In some embodiments, the data type determined in act 701 is plain text and act 703 therefore generates and applies regular expressions to clipboard data. Thus, in some embodiments of method 700, the data type of the content is plain text, and the tabular pattern analysis technique comprises generating a set of regular expressions that extract the portion of tabular content from the content.


In some embodiments, based on the data type determined in act 701, act 703 therefore inputs clipboard data to a machine learning model. Thus, in some embodiments of method 700, the tabular pattern analysis technique includes inputting the content to a machine learning model.


As mentioned, in embodiments the tabular content identification component 204 identifies a plurality of potential tabular data tables within clipboard content, and then uses a scoring component 205 to assign a score to each of those potential tabular data tables.

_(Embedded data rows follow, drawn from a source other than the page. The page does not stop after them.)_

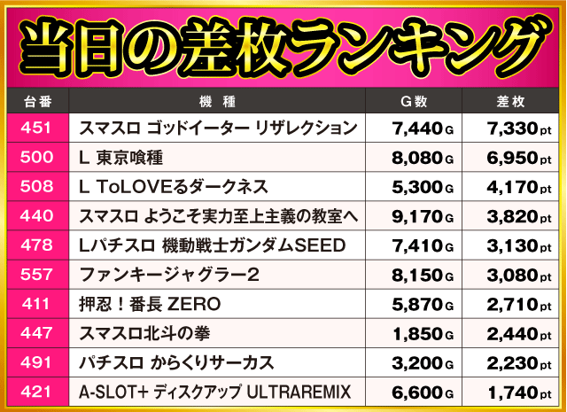 この日は、人気のスマスロを中心に多数の好調台を確認。そんな中、『スマスロ ゴッドイーター リザレクション』が+7,330ptを叩き出しランキングトップに。また、『スマスロ ようこそ実力至上主義の教室へ』と『Lパチスロ 機動戦士ガンダムSEED』が+3,000pt超を記録するなど、新台もしっかりと奮闘しファンを喜ばせていた。
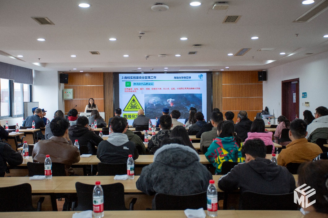 随后,赵春花老师系统介绍了国家及学校关于实验室安全管理的规章制度与具体要求,并聚焦于日常易发的安全隐患,通过列举“插线板违规串接”“易燃物品随意堆放”“实验物品摆放杂乱”等案例,警示师生时刻保持警惕。她鼓励大家积极投身校园安全文化建设,主动增强自我保护能力,以实际行动践行从“要我安全”到“我要安全”,再到“我会安全”的理念转变。
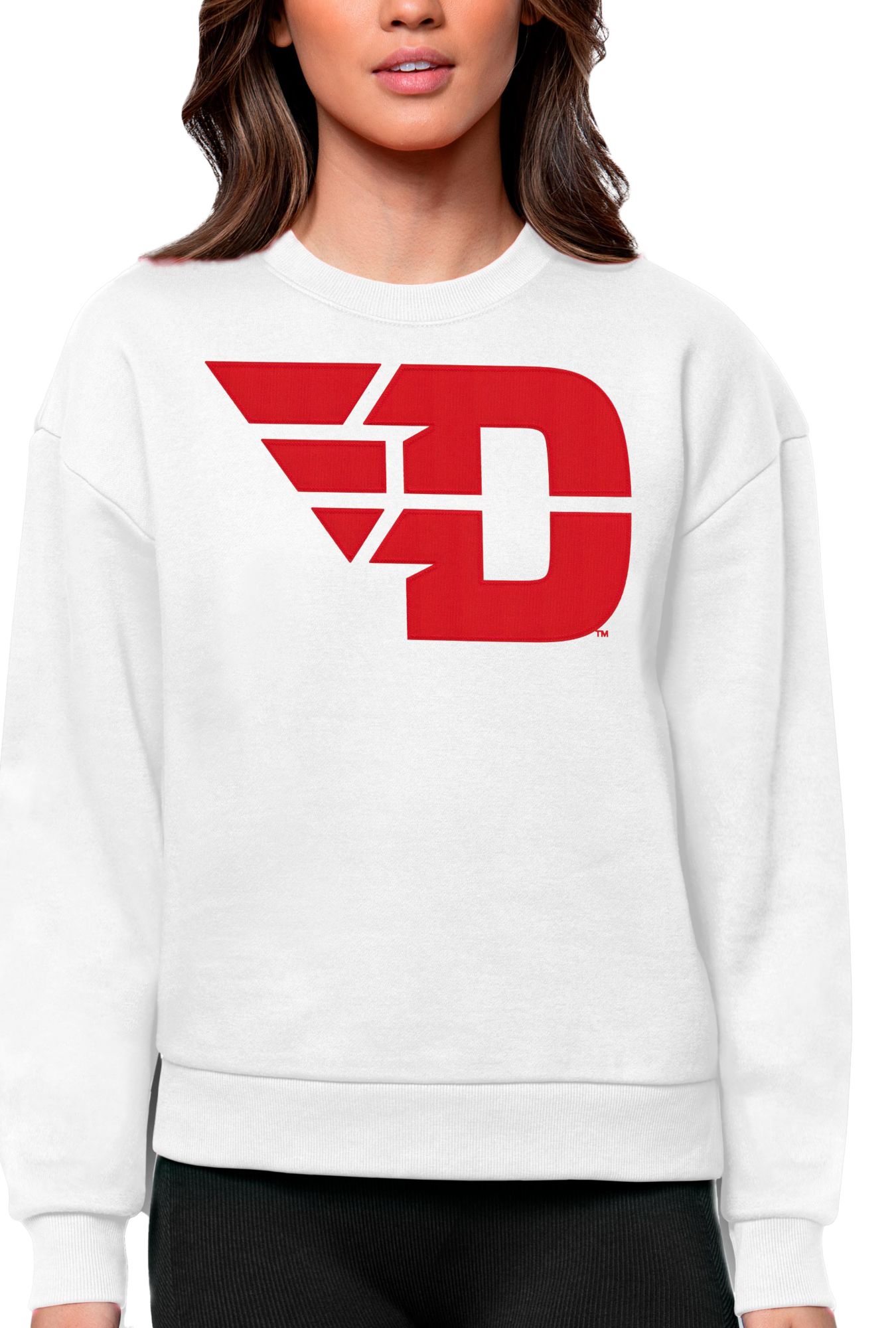Antigua Women's Dayton Flyers White Victory Crew Sweatshirt
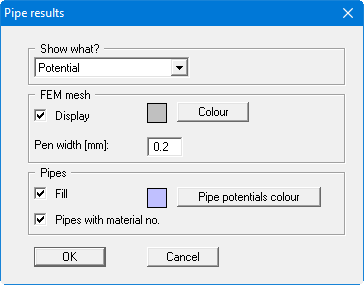 If you have defined pipes with material numbers using "Boundary/Define pipes" you can display the results using this menu item. First, a dialog box opens for selecting between display of potentials, gradients, velocities or discharges.
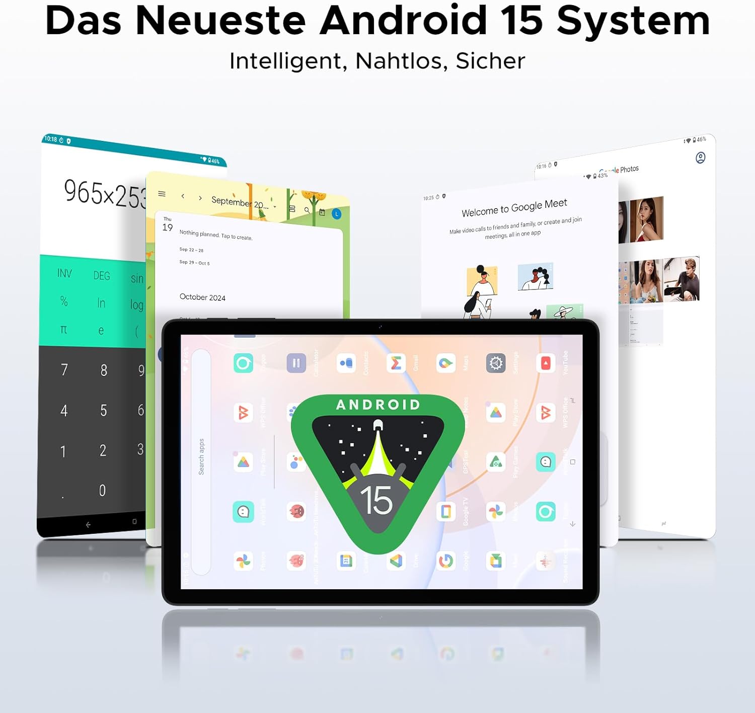• Най-новият Android 15 + Face ID (2025): Таблетът DOOGEE TAB A9+ Fire е оборудван с най-новата система Android 15 и предлага Face ID, персонализируема повърхност за заключване, разширено управление на разрешенията и функции за защита на данните, както и по-висока сигурност и стабилност на системата. Този Android таблет работи гладко и ви предлага безпроблемно изживяване. (Не се изисква SIM карта)
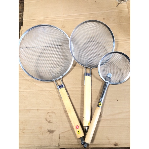 Vợt lưới cán gổ vớt đồ chiên ráo dầu cán có mócChất liệu: cán gổ tự nhiên, rổ lưới nhôm nhập, khung thép không ghỉ
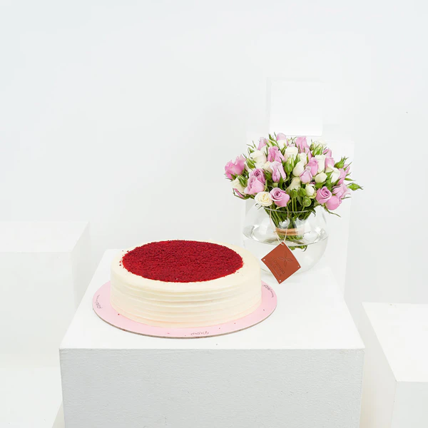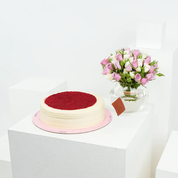 تنسيقه تحتوي على روز و كيك منش رد فلفت تكفي 6 اشخاص

Thus, in some embodiments, based on applying the tabular pattern analysis technique to the content, method 700 identifies a plurality of portions of tabular content within the content.


As mentioned, when there is a request that a tabular data table be retrieved from the clipboard buffer 107, in some embodiments the communication component 208 communicates a tabular data table having a highest score (i.e., predicted to be most likely to be a table that a user would want) assigned thereto. Thus, in embodiments, method 700 also includes assigning a score to each of the plurality of portions of tabular content, and selecting the portion of tabular content, from among the plurality of portions of tabular content, based on the portion of tabular content having a highest score assigned thereto.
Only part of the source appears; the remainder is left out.